#### What the task requires
An exact copy of every entry is needed, with no images.

#### Records
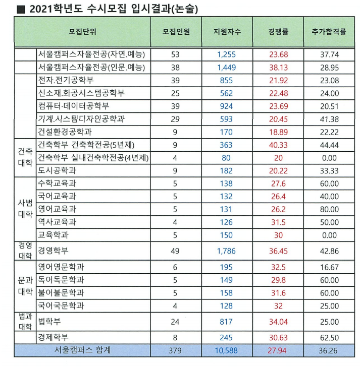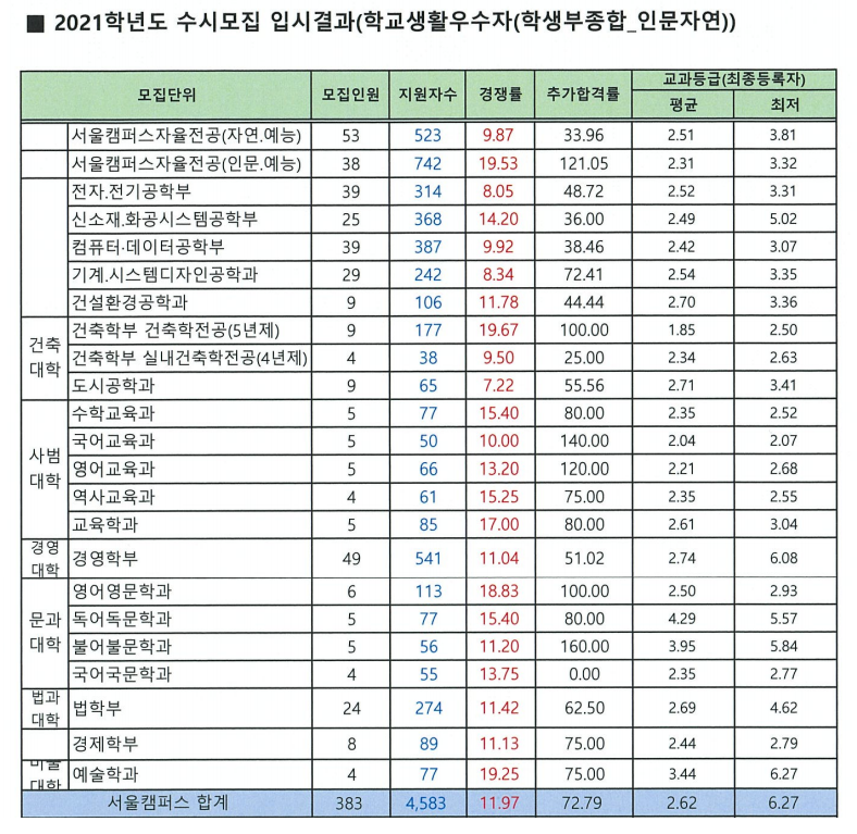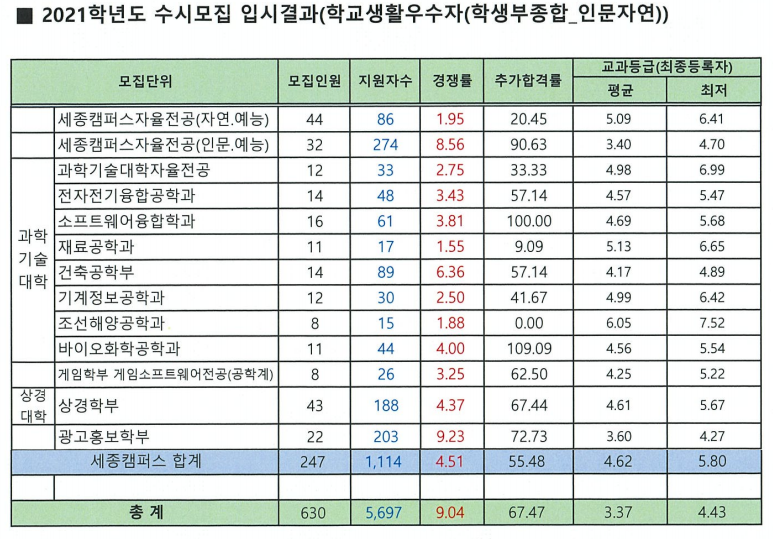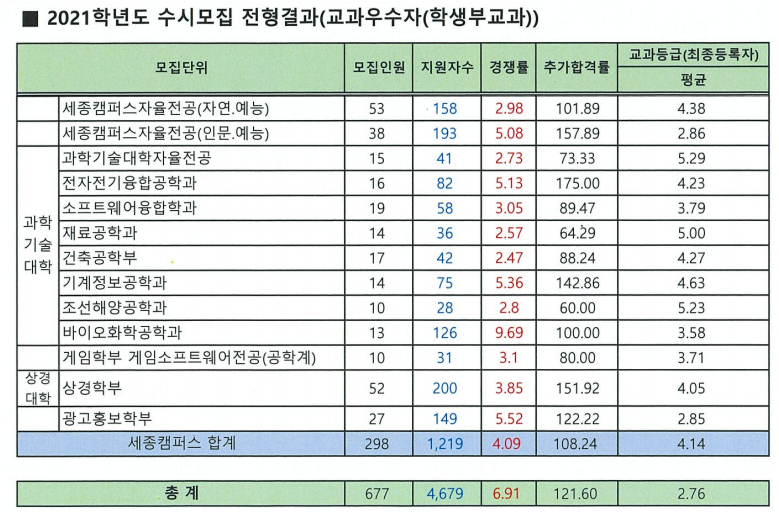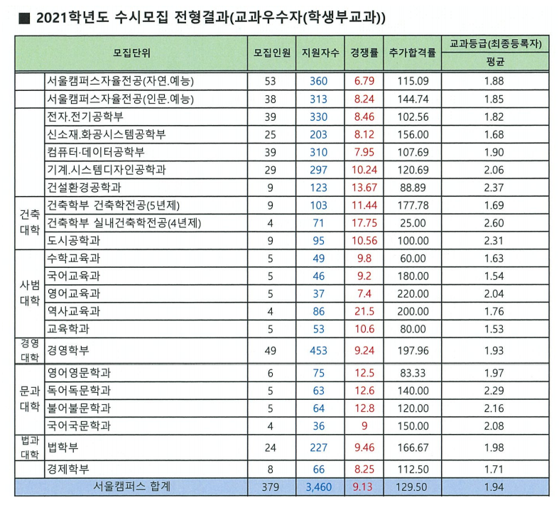 2021학년도 홍익대학교 학생부교과전형 입시결과
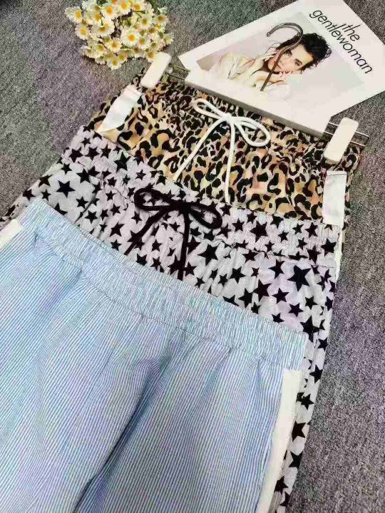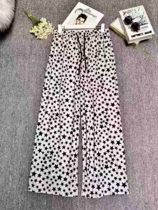 潮流女休闲裤豹纹星星条纹直筒裤,图片款,品质好,数量150件左右,码数s-xl,5件一包装,全清4.9(不分货)
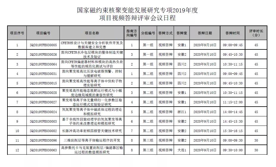 根据国家磁约束核聚变能发展研究专项2019年度项目评审工作安排,定于2019年9月10-11日召开项目视频答辩评审会。现将项目评审具体安排和有关事项通知如下:
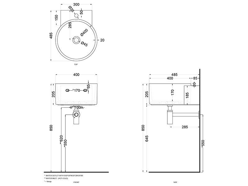 CIELO SELLA SELS Раковина подвесная с одним отверстием под смеситель, без слива-перелива,в комплекте с крепежами. Размеры:40 x 48
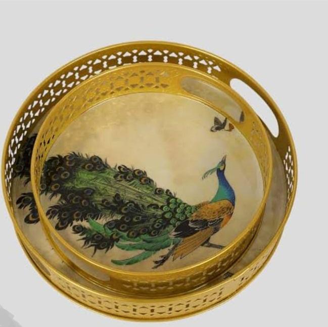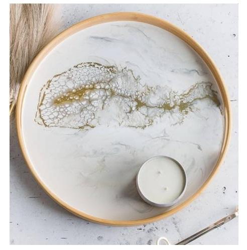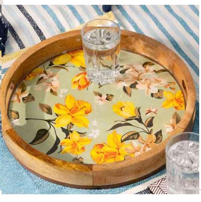 Plateau de service rond gravé pour restaurant et hôtel, en bois, pour café, thé, pain, avec finition émaillée

#### Solution to this exercise
 2021학년도 홍익대학교 학생부교과전형 입시결과
 潮流女休闲裤豹纹星星条纹直筒裤,图片款,品质好,数量150件左右,码数s-xl,5件一包装,全清4.9(不分货)
 根据国家磁约束核聚变能发展研究专项2019年度项目评审工作安排,定于2019年9月10-11日召开项目视频答辩评审会。现将项目评审具体安排和有关事项通知如下:
 CIELO SELLA SELS Раковина подвесная с одним отверстием под смеситель, без слива-перелива,в комплекте с крепежами. Размеры:40 x 48
 Plateau de service rond gravé pour restaurant et hôtel, en bois, pour café, thé, pain, avec finition émaillée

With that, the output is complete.